WHAT THE TASK ASKS:
If a picture appears among the records, leave it out and set down everything else exactly as it stands.

DATA FOR THIS EXERCISE:

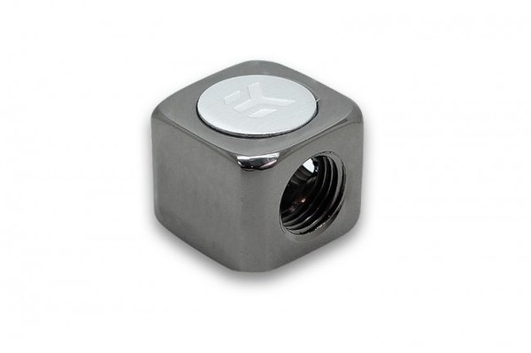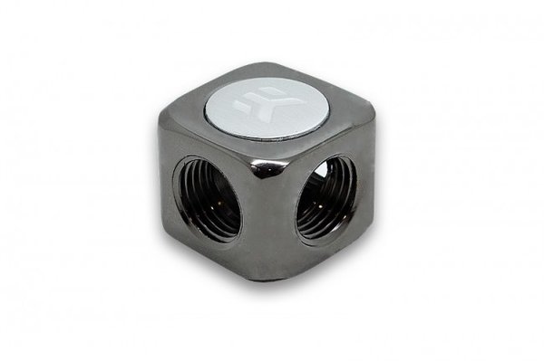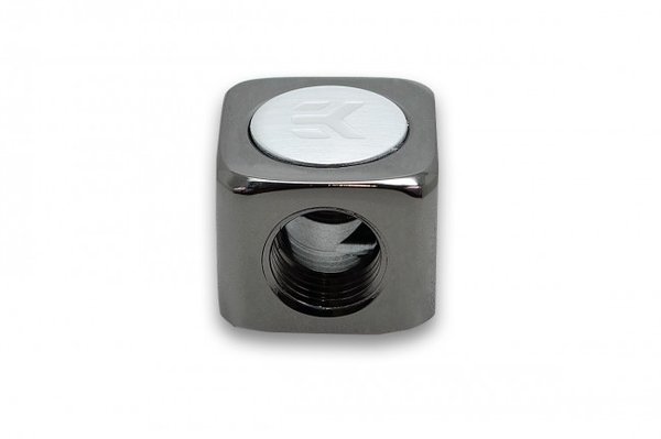 EK-AF T-Splitter is a simple cube-shaped adapter fitting with 3 x G1/4″ BSP threads, useful for splitting or combining the liquid flow in your loop.
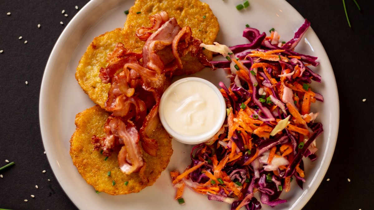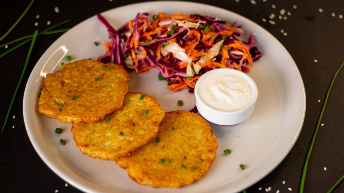 Kartupeļu pankūkas ar ceptiem šampinjoniem un vegānisko majonēzi 🥦
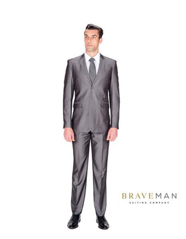 You're going to stop traffic in this one. This modern fit 2 button suit is made from the shiniest, flashiest, sharkskin fabric on the planet. It features side vents, and flat front pants. Watch out with this one.- $205.00
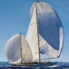 Gentle clouds, boundless sea expanses… All attention is taken by a magnificent sailing ship. He sails at full sail towards his dreams. The commander had just given the command "Left aboard!", so the ship tilted slightly, causing fluffy sea waves to appear. The ship seems to float above the water, thanks to the magical white sails.
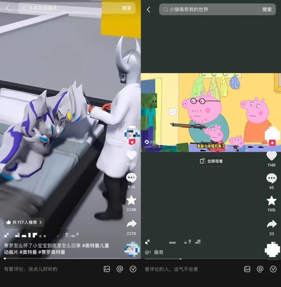 “奥特曼怀孕”、“小猪佩奇打僵尸”视频内容截图
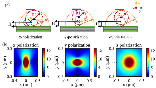 Analysis of the enhancement effect at different positions of fluorescent molecules. (a) Schematic diagram of the enhancement effect using the Huygens-Fresnel principle under three polarizations; (b) electric field intensity distribution under three polarizations.
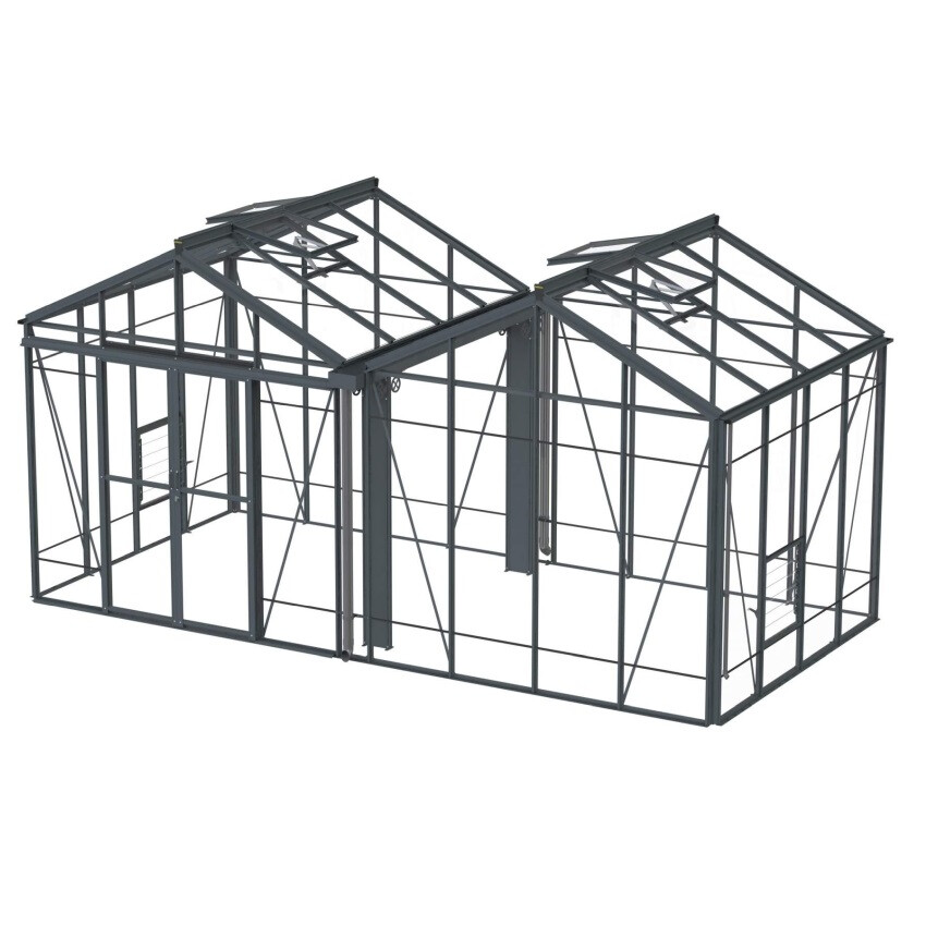 Dieses Modell mit zwei Firsten hat eine extra hohe Traufe von 197 cm. Dadurch können Sie die Doppeltür am Ende oder an der Seite positionieren. Außerdem ist die Kehlrinne hoch genug, um darunter entlangzulaufen, sodass ein großes, praktisches Gewächshaus mit einem offenen Raum entsteht.

OUTPUT:
 EK-AF T-Splitter is a simple cube-shaped adapter fitting with 3 x G1/4″ BSP threads, useful for splitting or combining the liquid flow in your loop.
 Kartupeļu pankūkas ar ceptiem šampinjoniem un vegānisko majonēzi 🥦
 You're going to stop traffic in this one. This modern fit 2 button suit is made from the shiniest, flashiest, sharkskin fabric on the planet. It features side vents, and flat front pants. Watch out with this one.- $205.00
 Gentle clouds, boundless sea expanses… All attention is taken by a magnificent sailing ship. He sails at full sail towards his dreams. The commander had just given the command "Left aboard!", so the ship tilted slightly, causing fluffy sea waves to appear. The ship seems to float above the water, thanks to the magical white sails.
 “奥特曼怀孕”、“小猪佩奇打僵尸”视频内容截图
 Analysis of the enhancement effect at different positions of fluorescent molecules. (a) Schematic diagram of the enhancement effect using the Huygens-Fresnel principle under three polarizations; (b) electric field intensity distribution under three polarizations.
 Dieses Modell mit zwei Firsten hat eine extra hohe Traufe von 197 cm. Dadurch können Sie die Doppeltür am Ende oder an der Seite positionieren. Außerdem ist die Kehlrinne hoch genug, um darunter entlangzulaufen, sodass ein großes, praktisches Gewächshaus mit einem offenen Raum entsteht.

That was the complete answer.